►
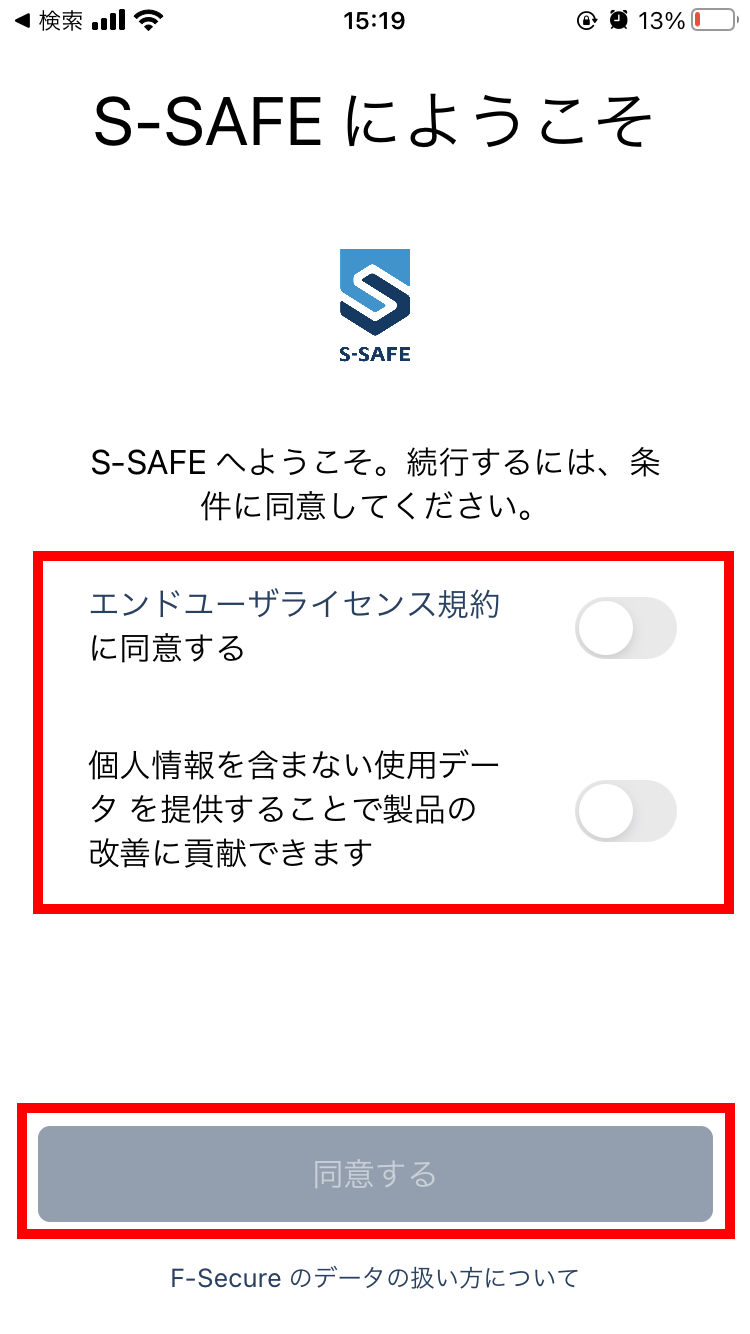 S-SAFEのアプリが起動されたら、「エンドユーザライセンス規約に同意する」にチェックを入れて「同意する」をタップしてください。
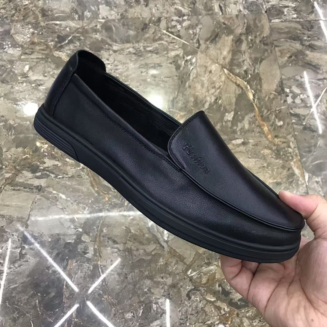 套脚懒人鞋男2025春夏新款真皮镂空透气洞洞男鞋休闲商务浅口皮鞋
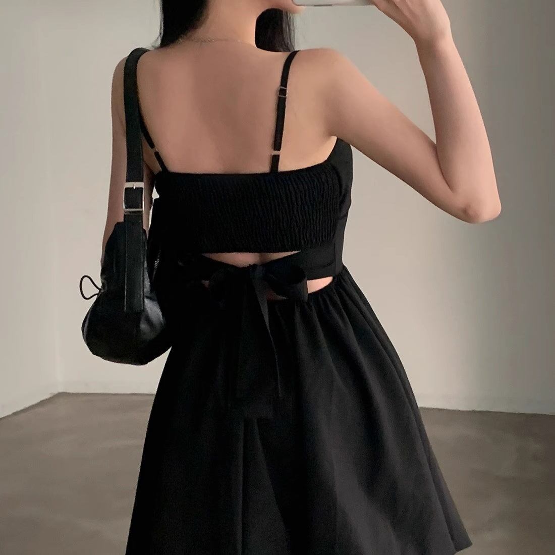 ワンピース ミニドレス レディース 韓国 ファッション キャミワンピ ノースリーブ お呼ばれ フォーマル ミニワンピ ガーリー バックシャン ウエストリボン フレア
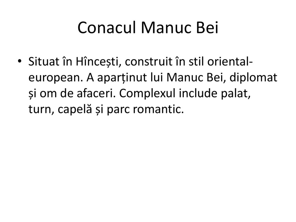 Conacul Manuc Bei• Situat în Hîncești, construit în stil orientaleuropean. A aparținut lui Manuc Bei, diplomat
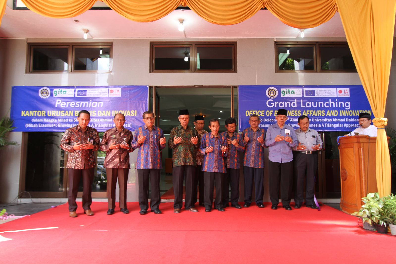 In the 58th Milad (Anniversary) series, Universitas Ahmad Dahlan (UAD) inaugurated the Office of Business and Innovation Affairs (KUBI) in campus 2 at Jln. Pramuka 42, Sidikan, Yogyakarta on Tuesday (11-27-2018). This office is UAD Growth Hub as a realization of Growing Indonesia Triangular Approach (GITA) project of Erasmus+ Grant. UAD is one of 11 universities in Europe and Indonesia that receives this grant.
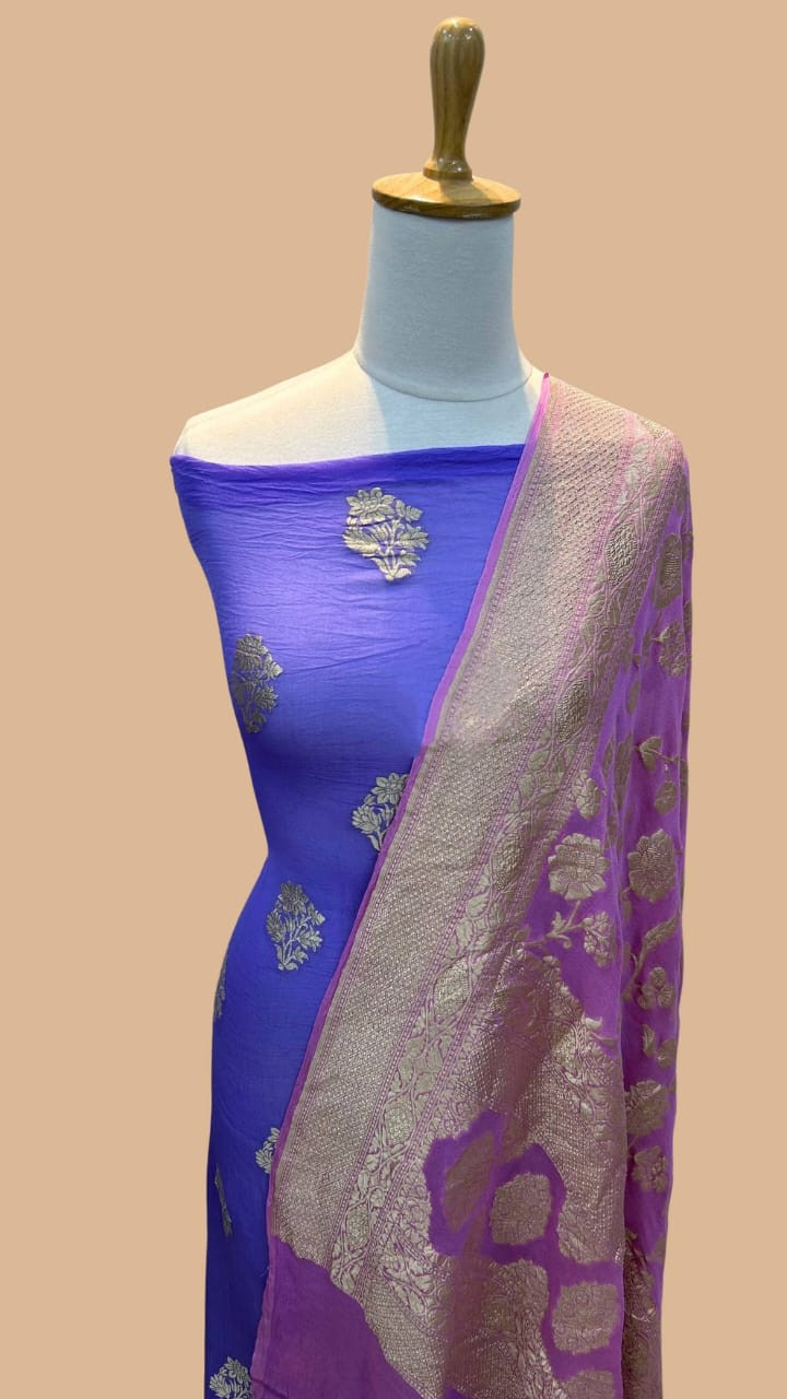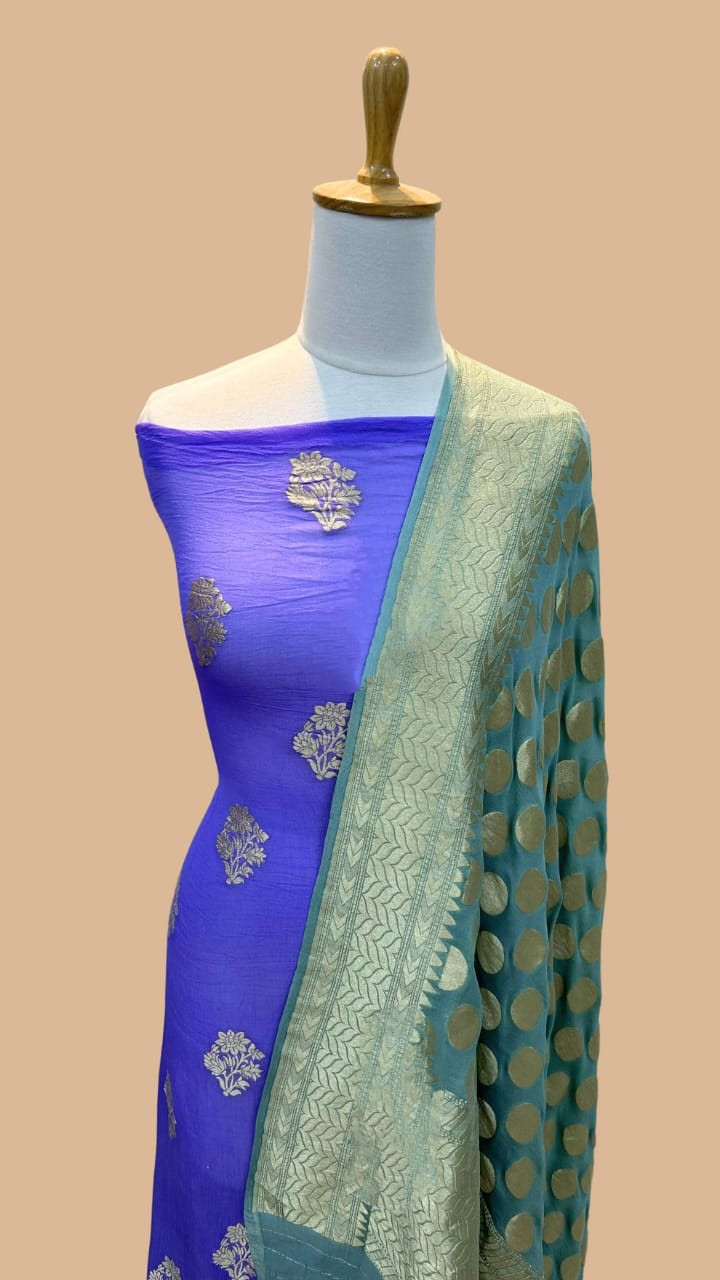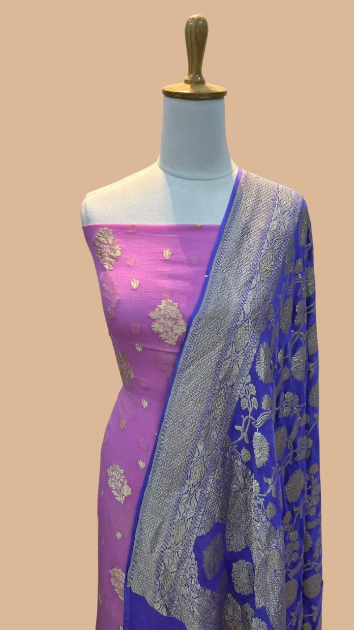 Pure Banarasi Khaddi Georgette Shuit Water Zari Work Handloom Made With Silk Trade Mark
◄
►
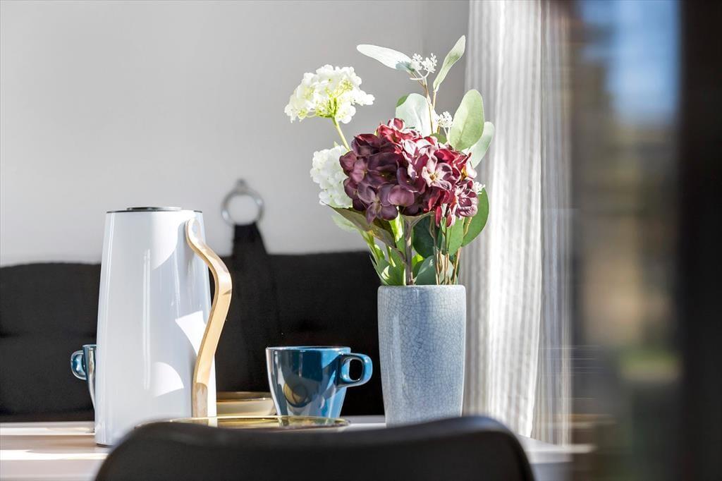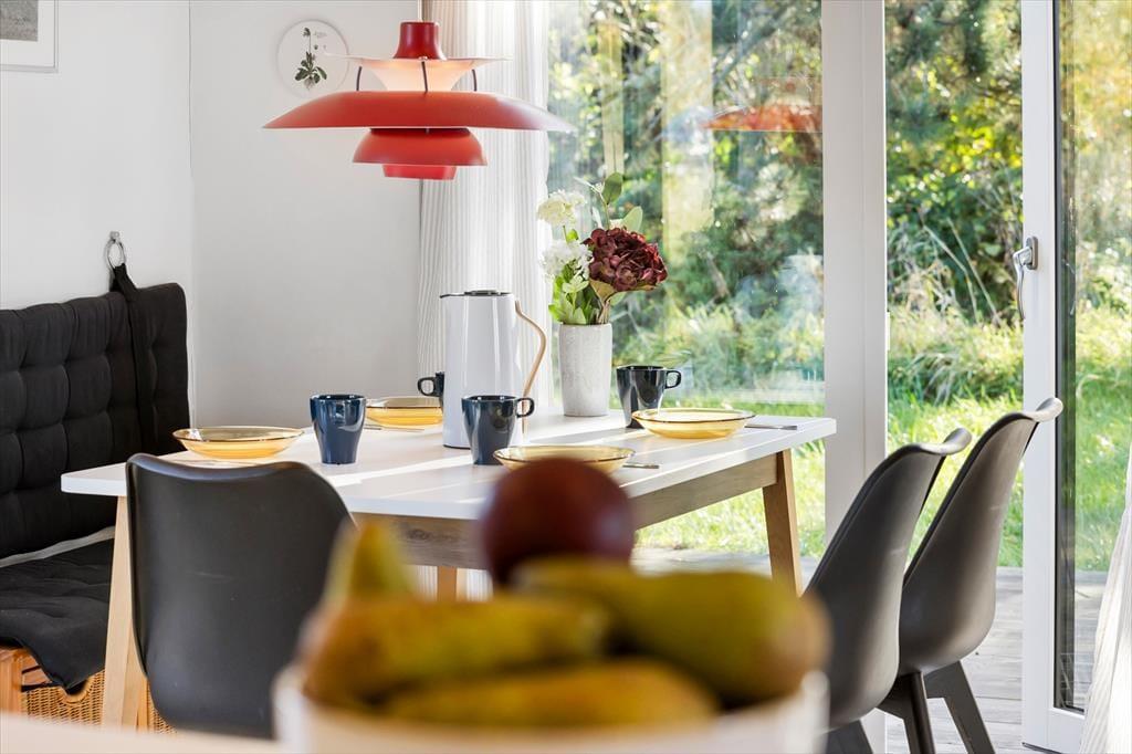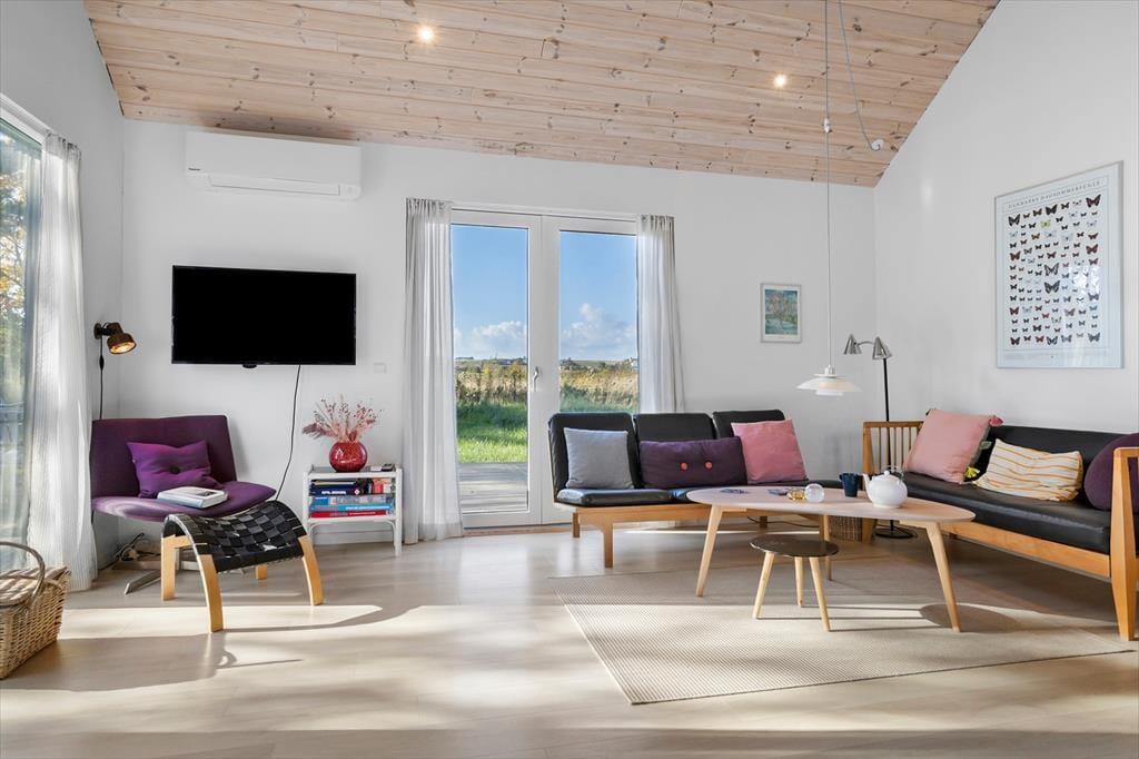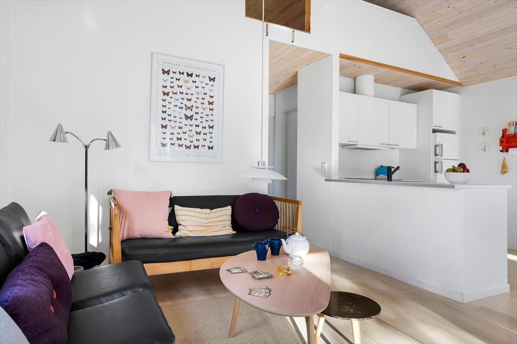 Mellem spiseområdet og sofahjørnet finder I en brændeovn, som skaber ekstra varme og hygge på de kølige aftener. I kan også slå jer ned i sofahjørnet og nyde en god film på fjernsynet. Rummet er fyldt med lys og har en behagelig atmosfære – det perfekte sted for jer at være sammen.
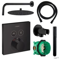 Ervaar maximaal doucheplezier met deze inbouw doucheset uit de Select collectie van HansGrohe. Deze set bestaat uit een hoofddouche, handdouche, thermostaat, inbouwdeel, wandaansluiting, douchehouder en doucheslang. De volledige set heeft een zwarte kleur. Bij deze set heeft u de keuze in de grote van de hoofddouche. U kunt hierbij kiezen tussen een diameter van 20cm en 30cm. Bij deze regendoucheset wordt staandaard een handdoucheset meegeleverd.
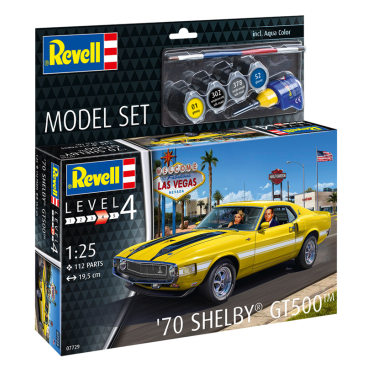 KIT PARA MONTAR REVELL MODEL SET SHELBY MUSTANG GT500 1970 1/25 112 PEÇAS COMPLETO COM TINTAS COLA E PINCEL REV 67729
◄
# TASK INSTRUCTIONS
Above are records with pictures. Reproduce exactly only the lines from the line with "ワンピース ミニドレス レディース" through the line with "Conacul Manuc Bei•", both ends included, and leave the pictures out.

# REPLY
 ワンピース ミニドレス レディース 韓国 ファッション キャミワンピ ノースリーブ お呼ばれ フォーマル ミニワンピ ガーリー バックシャン ウエストリボン フレア
 Conacul Manuc Bei• Situat în Hîncești, construit în stil orientaleuropean. A aparținut lui Manuc Bei, diplomat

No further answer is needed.